◆ YOUR INSTRUCTIONS:
Write the records out exactly as they read, but not the pictures.

◆ ENTRIES PROVIDED:
================================
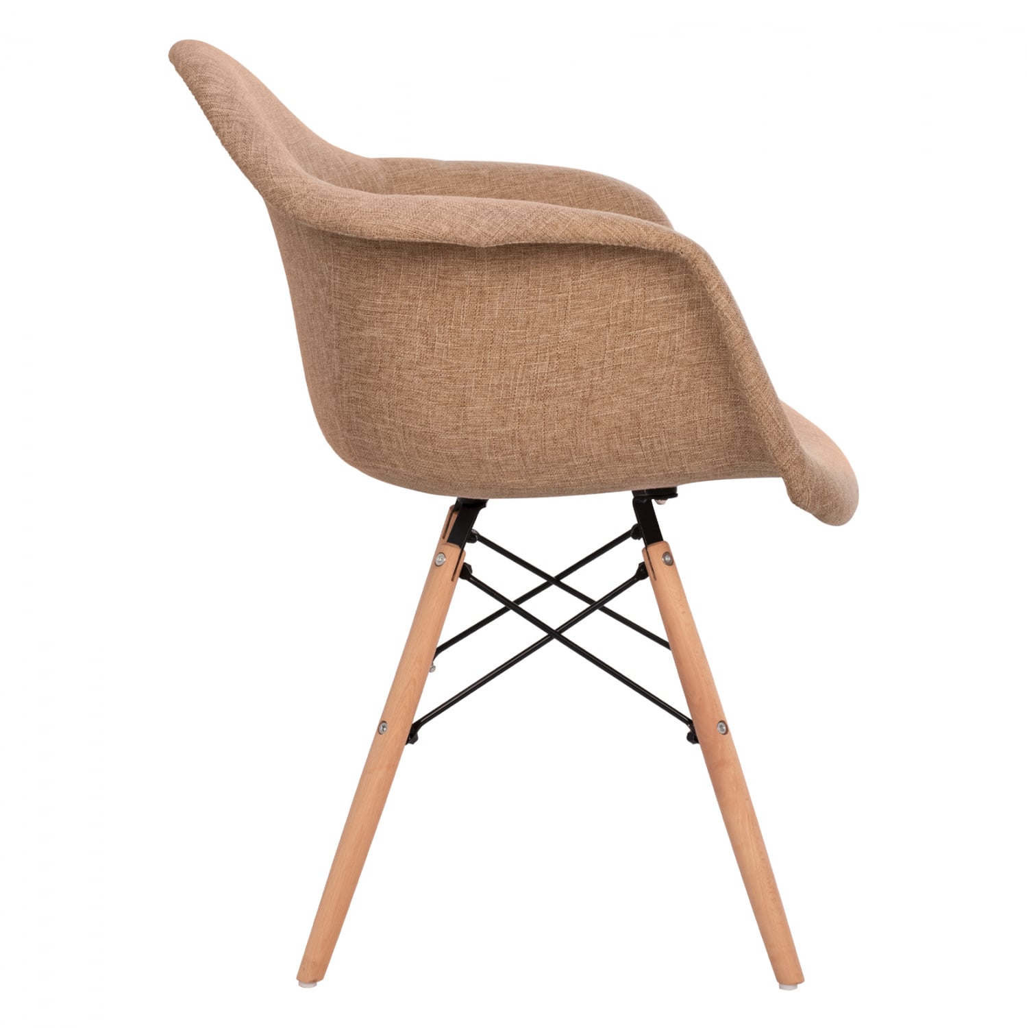 Μοντέρνα πολυθρόνα με μπεζ ύφασμα και φυσικά πόδια οξιάς. Ταιριάζει με όλα σχεδόν τα στιλ και είναι μια καρέκλα σταθμός στην ιστορία του design.
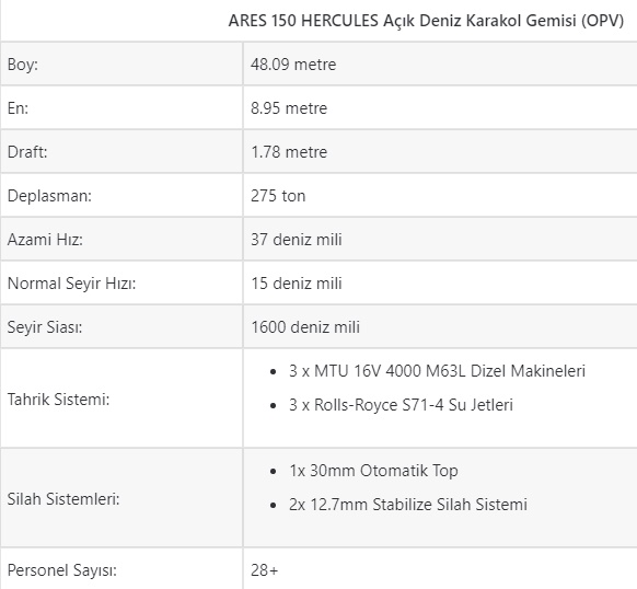 ARES 150 HERCULES; 48 metre boya, 37 deniz mili azami sürate ve 1600 deniz mili seyir siasına sahip. Geminin üzerinde, konvansiyonel ve asimetrik tehditlere karşı kullanılmak için elektro-optik sensörler ile 30mm’lik MUHAFIZ Uzaktan Komutalı Stabilize Top ve 2 adet 12.7mm STAMP Uzaktan Komutalı Stabilize Silah Sistemleri bulunuyor.
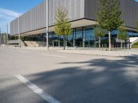 A modern cityscape in Berlin, Germany. Clear skies cast shadows on the concrete streets and buildings. Trees line the road, providing shade. The urban design and architecture showcase the vibrant city life of Europe.
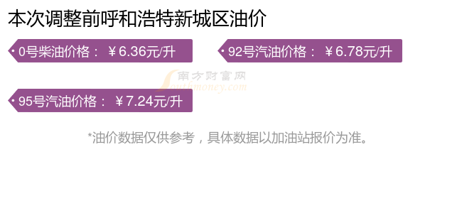 11月15日,呼和浩特新城區(qū)汽油、柴油每升最新價格:調整時間為11月11日,92號汽油為6.88元,上升了0.1元,上升幅達1.48%;95號汽油為7.34元,上升了0.1元,上升幅達1.38%;0號柴油為6.46元,上升了0.1元,上升幅達1.57%。
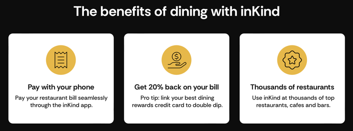 inKind, a growing dining rewards app, now offers a $15 discount on a $15 purchase for new users. The platform partners with restaurants to provide financing in exchange for “food and beverage credit,” allowing diners to pay their bills through the app while earning rewards.
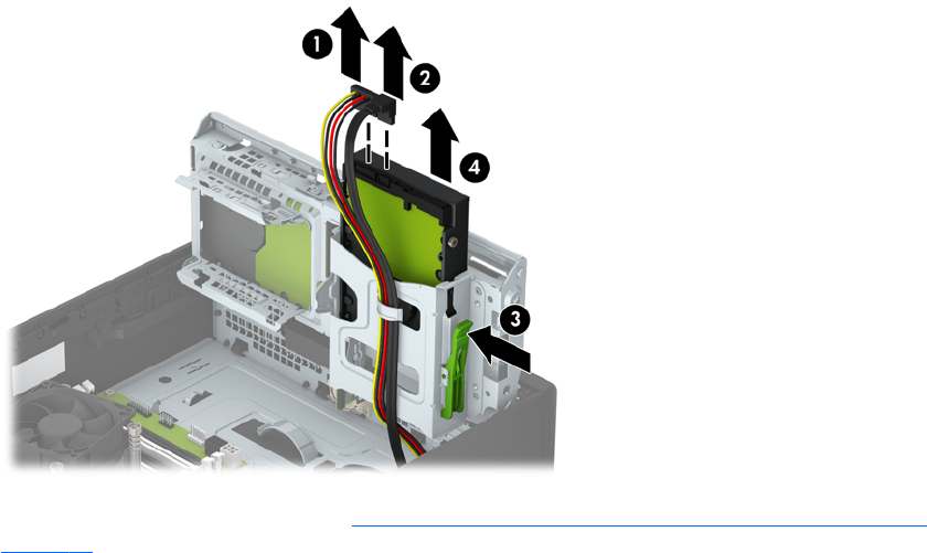 на защелку, находящуюся сбоку на корпусе (3), и извлеките жесткий диск из отсека (4).
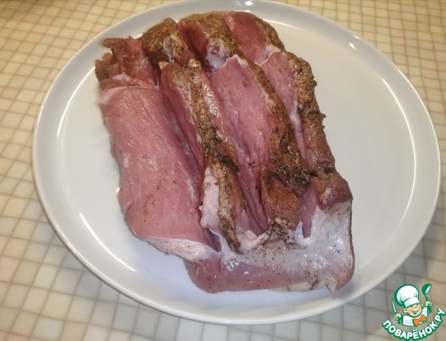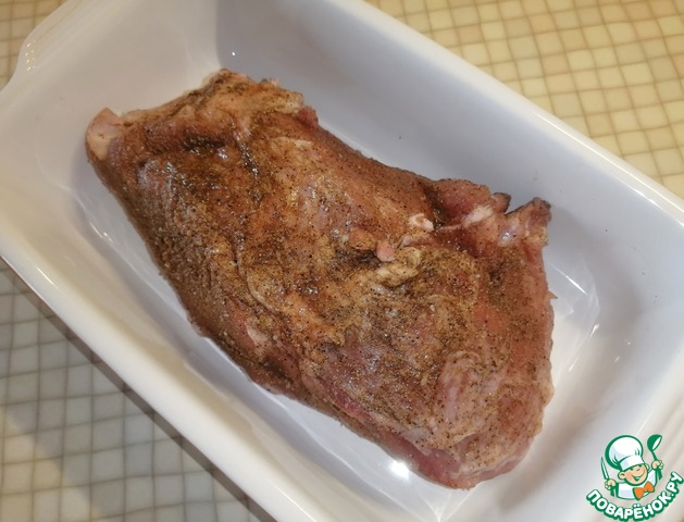 • Свинину натираем хорошо со всех сторон смесью специй. Укладываем в ёмкость и убираем в холодильник на 1 час.
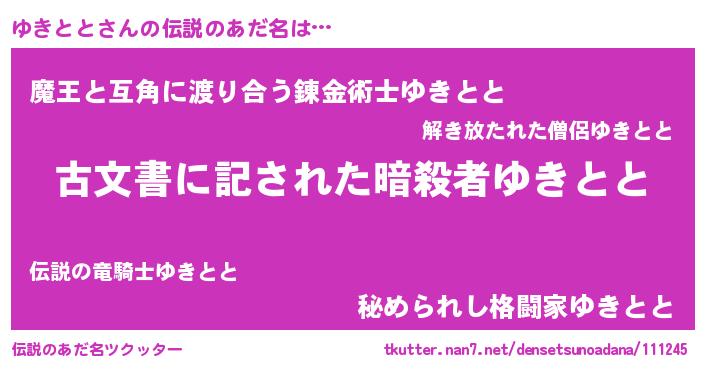| 意味不明あだ名 | 『永久保存ゆきとと』『ニラ科ゆきとと属』 |
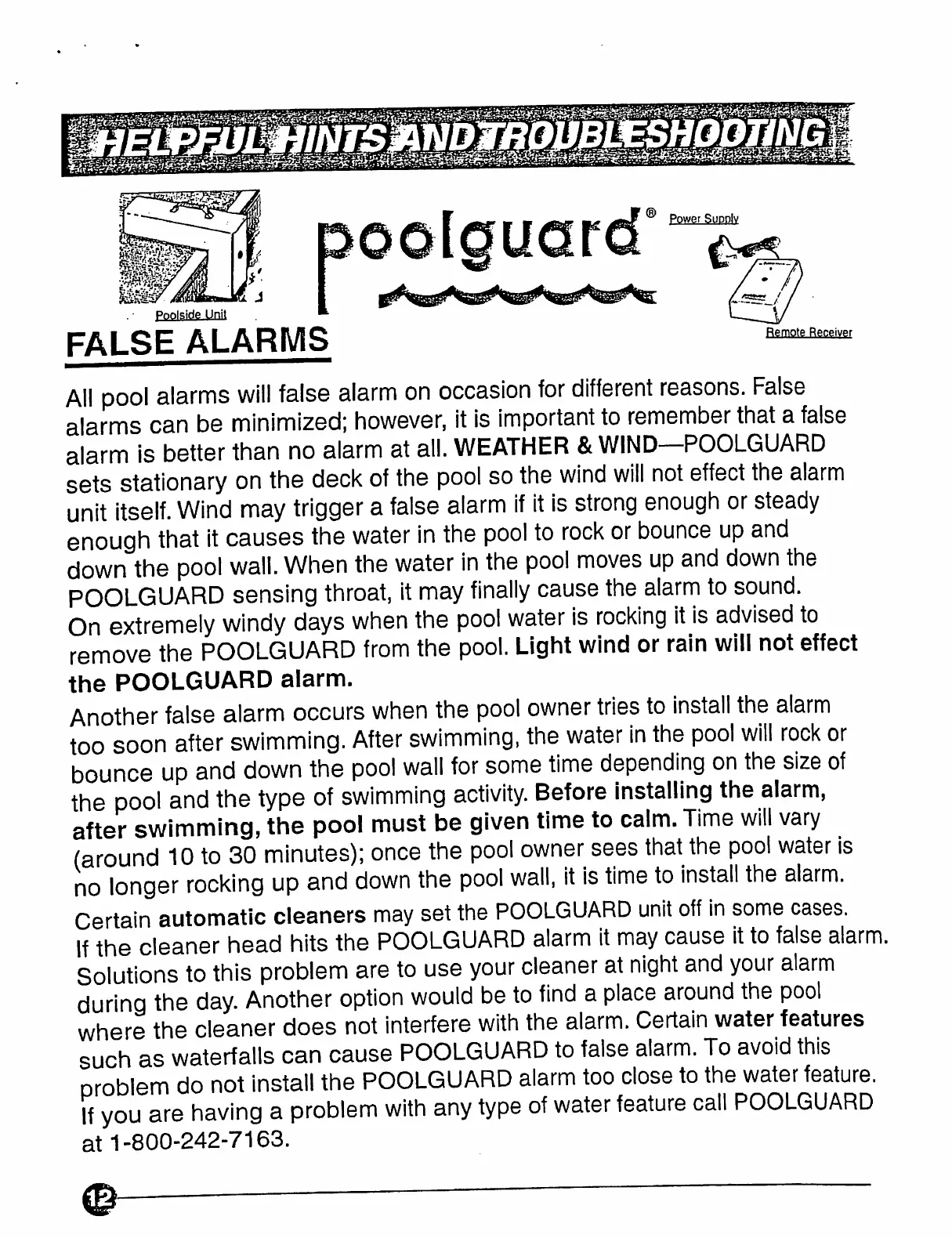 Poolguard PGRM - 2 - HELPFUL HINTS AND TROUBLESHOOTING; FALSE ALARMS
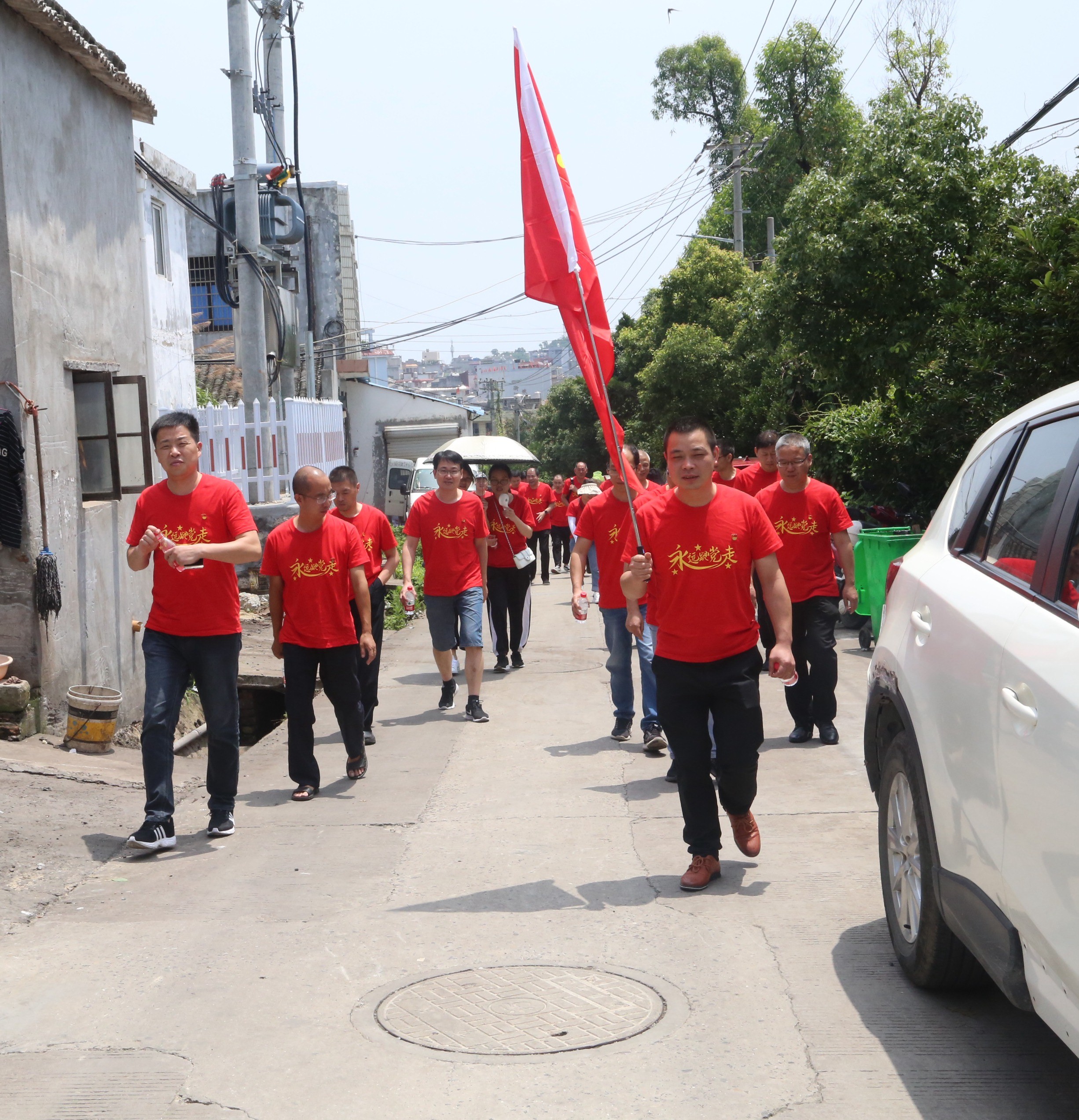 活動當(dāng)天,烈日炎炎抵擋不住大家追溯紅色基地的熱情,黨員隊伍緊跟黨旗,順著“紅色地圖”,沿著崎嶇小道,大步爬上玉環(huán)坎門英雄基干民兵營。在女民兵們的熱心引導(dǎo)和生動解說下,大家側(cè)耳傾聽,目不轉(zhuǎn)睛地觀看展示墻上與玻璃柜中的民兵隊歷史事跡照片、繳獲的槍支、文件與榮譽獎?wù)碌鹊龋癍h(huán)坎門人民的紅色抗爭歷史仿佛仍歷歷在目,打動著每位黨員的內(nèi)心。隨后,大家在黨旗前光榮宣誓,重溫入黨誓詞,各位黨員緊握右拳,用洪亮的聲音表達著自己對黨的忠誠,對初心使命的矢志不渝。
================================
◆ OUTPUT FOR THIS TASK:
 Μοντέρνα πολυθρόνα με μπεζ ύφασμα και φυσικά πόδια οξιάς. Ταιριάζει με όλα σχεδόν τα στιλ και είναι μια καρέκλα σταθμός στην ιστορία του design.
 ARES 150 HERCULES; 48 metre boya, 37 deniz mili azami sürate ve 1600 deniz mili seyir siasına sahip. Geminin üzerinde, konvansiyonel ve asimetrik tehditlere karşı kullanılmak için elektro-optik sensörler ile 30mm’lik MUHAFIZ Uzaktan Komutalı Stabilize Top ve 2 adet 12.7mm STAMP Uzaktan Komutalı Stabilize Silah Sistemleri bulunuyor.
 A modern cityscape in Berlin, Germany. Clear skies cast shadows on the concrete streets and buildings. Trees line the road, providing shade. The urban design and architecture showcase the vibrant city life of Europe.
 11月15日,呼和浩特新城區(qū)汽油、柴油每升最新價格:調整時間為11月11日,92號汽油為6.88元,上升了0.1元,上升幅達1.48%;95號汽油為7.34元,上升了0.1元,上升幅達1.38%;0號柴油為6.46元,上升了0.1元,上升幅達1.57%。
 inKind, a growing dining rewards app, now offers a $15 discount on a $15 purchase for new users. The platform partners with restaurants to provide financing in exchange for “food and beverage credit,” allowing diners to pay their bills through the app while earning rewards.
 на защелку, находящуюся сбоку на корпусе (3), и извлеките жесткий диск из отсека (4).
 • Свинину натираем хорошо со всех сторон смесью специй. Укладываем в ёмкость и убираем в холодильник на 1 час.
| 意味不明あだ名 | 『永久保存ゆきとと』『ニラ科ゆきとと属』 |
 Poolguard PGRM - 2 - HELPFUL HINTS AND TROUBLESHOOTING; FALSE ALARMS
 活動當(dāng)天,烈日炎炎抵擋不住大家追溯紅色基地的熱情,黨員隊伍緊跟黨旗,順著“紅色地圖”,沿著崎嶇小道,大步爬上玉環(huán)坎門英雄基干民兵營。在女民兵們的熱心引導(dǎo)和生動解說下,大家側(cè)耳傾聽,目不轉(zhuǎn)睛地觀看展示墻上與玻璃柜中的民兵隊歷史事跡照片、繳獲的槍支、文件與榮譽獎?wù)碌鹊龋癍h(huán)坎門人民的紅色抗爭歷史仿佛仍歷歷在目,打動著每位黨員的內(nèi)心。隨后,大家在黨旗前光榮宣誓,重溫入黨誓詞,各位黨員緊握右拳,用洪亮的聲音表達著自己對黨的忠誠,對初心使命的矢志不渝。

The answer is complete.